Severine_H_Intel · ‎09-19-2018

Hi Nikos,

I analyzed tiny-yolo output and I realize it is not adapted for the sample. The sample expects a vector of dimension 4 output while tiny-yolo output is of dimension 2. Compiling the samples in Debug mode makes this issue more apparent as it will crash for both CPU and GPU.

In Release mode, it has unexpected behavior and does not crash even when you call a vector out of its range. This is what we were experimenting in CPU and GPU ( in my case, GPU is working half the time).

The issue is not the model, but the sample that is not adapted and the output reading that needs to be changed.

Best,

Severine

Kamarol__Amalina1 · ‎09-25-2018

Nikos wrote:

Hi Severine,

Thank you for confirming repro with CPU plug-in. Just to confirm that I had to slightly modify object_detection_demo_ssd_async as you suggested. I am sorry I forgot to mention that.
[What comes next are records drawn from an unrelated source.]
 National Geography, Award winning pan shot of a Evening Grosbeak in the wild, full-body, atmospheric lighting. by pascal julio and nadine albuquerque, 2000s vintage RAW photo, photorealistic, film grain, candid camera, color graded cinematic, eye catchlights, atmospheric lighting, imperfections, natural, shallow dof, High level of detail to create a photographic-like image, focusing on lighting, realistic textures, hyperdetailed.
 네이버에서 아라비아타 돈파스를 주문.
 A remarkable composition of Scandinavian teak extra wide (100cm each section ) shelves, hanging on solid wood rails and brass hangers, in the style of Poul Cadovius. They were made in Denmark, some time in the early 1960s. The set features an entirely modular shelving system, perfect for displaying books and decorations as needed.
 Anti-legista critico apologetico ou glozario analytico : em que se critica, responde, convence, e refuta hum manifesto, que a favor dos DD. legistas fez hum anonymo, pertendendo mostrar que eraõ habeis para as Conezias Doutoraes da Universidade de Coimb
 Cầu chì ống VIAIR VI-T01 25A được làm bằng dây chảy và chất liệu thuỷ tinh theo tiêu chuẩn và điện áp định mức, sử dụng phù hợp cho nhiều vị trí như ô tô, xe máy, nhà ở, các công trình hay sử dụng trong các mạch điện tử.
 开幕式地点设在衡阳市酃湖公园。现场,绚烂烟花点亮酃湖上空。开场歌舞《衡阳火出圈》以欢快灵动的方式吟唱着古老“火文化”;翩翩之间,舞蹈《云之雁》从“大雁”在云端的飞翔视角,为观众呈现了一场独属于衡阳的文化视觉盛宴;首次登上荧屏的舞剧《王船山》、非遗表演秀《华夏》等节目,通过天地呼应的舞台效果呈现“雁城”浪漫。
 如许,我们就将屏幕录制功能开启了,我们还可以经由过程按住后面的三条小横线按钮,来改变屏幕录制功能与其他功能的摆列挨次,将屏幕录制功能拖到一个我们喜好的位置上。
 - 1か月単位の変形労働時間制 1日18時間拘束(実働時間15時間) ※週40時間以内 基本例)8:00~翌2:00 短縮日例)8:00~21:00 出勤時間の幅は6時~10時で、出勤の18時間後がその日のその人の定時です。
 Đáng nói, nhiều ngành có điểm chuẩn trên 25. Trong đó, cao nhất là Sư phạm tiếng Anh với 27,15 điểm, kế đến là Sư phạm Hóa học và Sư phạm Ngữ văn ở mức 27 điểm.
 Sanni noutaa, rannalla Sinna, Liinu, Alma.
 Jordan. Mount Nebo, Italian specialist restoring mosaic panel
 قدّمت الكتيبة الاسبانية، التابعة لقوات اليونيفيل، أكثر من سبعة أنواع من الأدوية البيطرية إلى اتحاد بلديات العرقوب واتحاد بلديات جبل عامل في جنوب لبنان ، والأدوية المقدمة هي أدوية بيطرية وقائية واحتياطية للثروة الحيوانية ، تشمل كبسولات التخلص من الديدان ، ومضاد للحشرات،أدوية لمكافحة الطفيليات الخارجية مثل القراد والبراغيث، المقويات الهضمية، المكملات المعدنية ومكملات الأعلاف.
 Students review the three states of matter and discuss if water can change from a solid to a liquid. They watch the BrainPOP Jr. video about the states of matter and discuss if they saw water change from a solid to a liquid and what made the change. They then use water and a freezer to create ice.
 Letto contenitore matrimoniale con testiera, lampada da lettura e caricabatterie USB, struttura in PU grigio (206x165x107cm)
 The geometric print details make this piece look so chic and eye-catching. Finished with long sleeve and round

This enabled to load and run tiny YOLO on the GPU device without any issues.

Same code however, fails on CPU. One workaround would be to edit the generated xml and remove "output/YoloRegion" .
                <layer id="28" name="output/YoloRegion" precision="FP32" type="RegionYolo">
                        <data axis="1" classes="20" coords="4" do_softmax="1" end_axis="3" num="3"/>
                        <input>
                                <port id="0">
                                        <dim>1</dim>
                                        <dim>30</dim>
                                        <dim>26</dim>
                                        <dim>26</dim>
                                </port>
                        </input>
                        <output>
                                <port id="1">
                                        <dim>1</dim>
                                        <dim>20280</dim>
                                </port>
                        </output>
                </layer>
and also the edge
                <edge from-layer="27" from-port="3" to-layer="28" to-port="0"/>
Then we can run fine on CPU too but need to implement YoloRegion separately.

In a future SDK release it would be nice to have a new python or C++ sample application that demonstrates end-to-end YOLO detection. Something like a new object_detection_demo_yolo_async would be nice.

Hi Nikos, do you mind sharing the modified cpp code that you modified? I have been trying but I still have a problem reading the output from yolo.